Problem statement: What you return should be the exact lines from the one with "Strukturovací perličková pasta" to the end of the records below, both included, and no pictures.

Data:

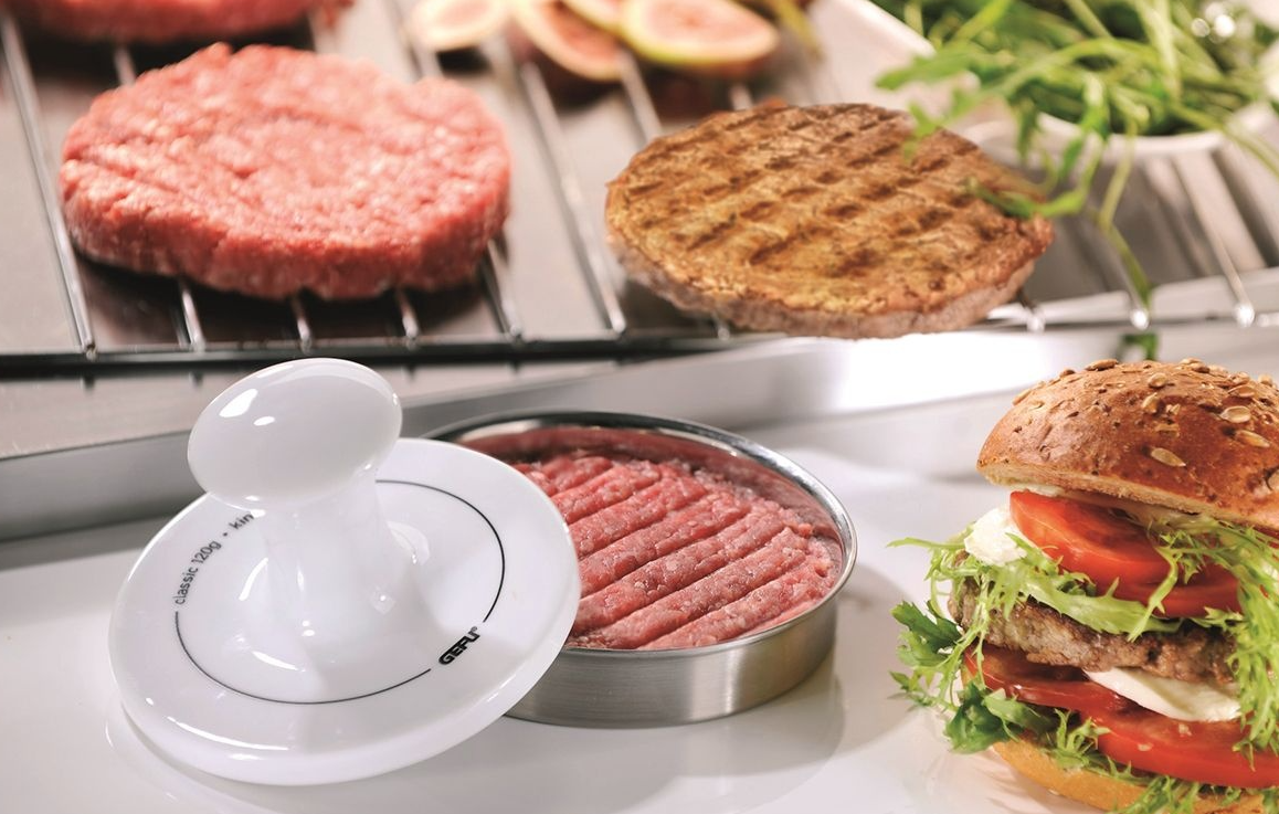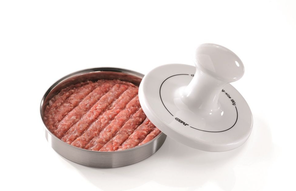 De welving in de RVS schaal zorgt ervoor dat de burger zijn vorm behoudt tijdens het bakken, terwijl de gleuven in de stamper bijdragen aan een snelle en gelijkmatige garing. Ideaal voor klassieke burgers van 120 gram en een diameter van 12 cm – precies het formaat voor een perfecte maaltijd.
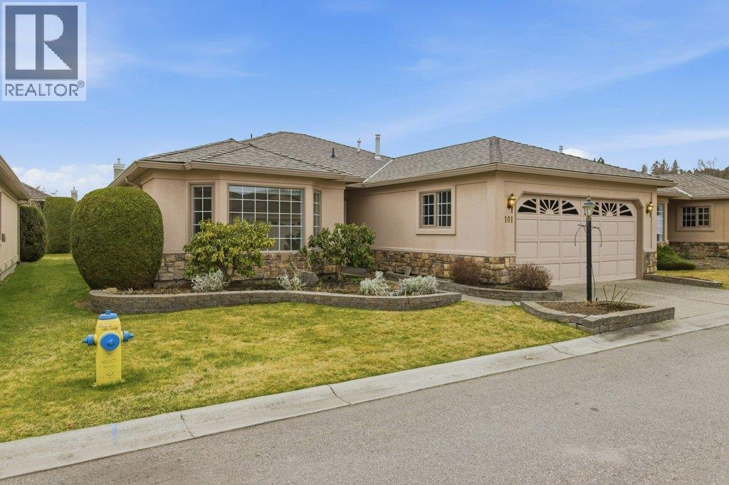 IMMEDIATE POSSESSION AVAILABLE!!! All Poly B plumbing has been removed, a brand new hot water tank has been installed, and the home has been freshly painted - ready for you to move right in! Beautifully maintained and immaculately clean this 2 bdrm/2bath home features a bright white kitchen with granite countertops, under cabinet lighting and stainless steel appliances. The spacious primary bedroom includes a walk-in closet and full ensuite, while the main bathroom offers a wheelchair accessible walk-in shower. Enjoy the comfortable family room off the kitchen with a cozy fireplace, large windows that bring in plenty of natural light, laminate flooring and updated light fixtures. Step outside to a private backyard with a spacious covered patio perfect for relaxing or entertaining. This 55+ gated community features beautifully landscaped grounds with tranquil water features as well as a clubhouse with indoor and outdoor pools and a hot tub. Pet restrictions: Up to 2 dogs, 2 cats, or 1 of each with a maximum height of 15"" at the shoulder. Located in one of Kelowna's most sought after retirement communities, this home offers comfort, convenience and a fantastic lifestyle! (id:6769)
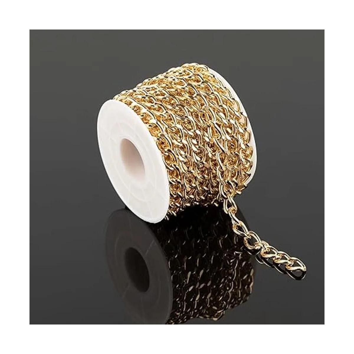 Fácil de usar y almacenar: la cadena giratoria de aluminio chapado en oro para hacer joyas está enrollada en un carrete para evitar nudos y fácil de usar, simplemente enróllala de nuevo al carrete cuando no esté en uso, fácil y conveniente. La longitud te permite hacer muchos artículos.
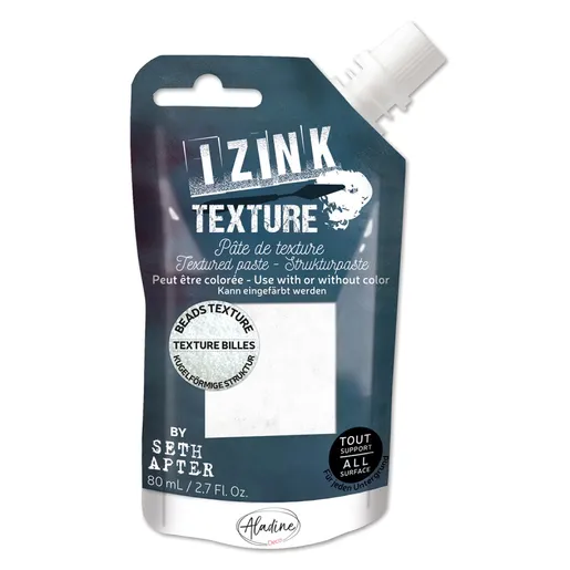 Strukturovací perličková pasta Izink Texture obsahuje drobné kuličky. Vytváří velmi zajímavé efekty, jemně zrnitý a lesklý povrch. Pastu je možno probarvit přimícháním akrylové barvy a vytvořit si tak celou paletu vlastních odstínů.
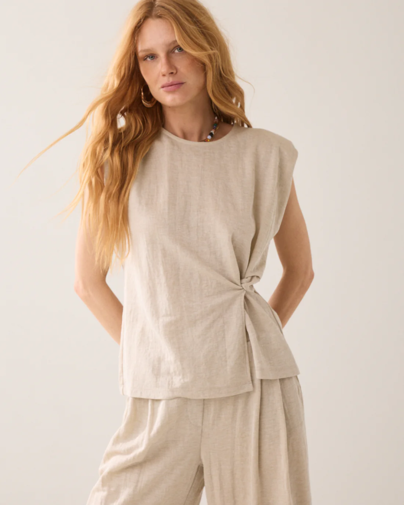 Top in een linnenlook jersey met een gewassen kreukeffect en een luchtig, flowy gevoel. De top valt los en licht getailleerd door het knoopdetail in de taille. Combineer de broek met de bijpassende broek (4S2972).

Exercise output:
 Strukturovací perličková pasta Izink Texture obsahuje drobné kuličky. Vytváří velmi zajímavé efekty, jemně zrnitý a lesklý povrch. Pastu je možno probarvit přimícháním akrylové barvy a vytvořit si tak celou paletu vlastních odstínů.
 Top in een linnenlook jersey met een gewassen kreukeffect en een luchtig, flowy gevoel. De top valt los en licht getailleerd door het knoopdetail in de taille. Combineer de broek met de bijpassende broek (4S2972).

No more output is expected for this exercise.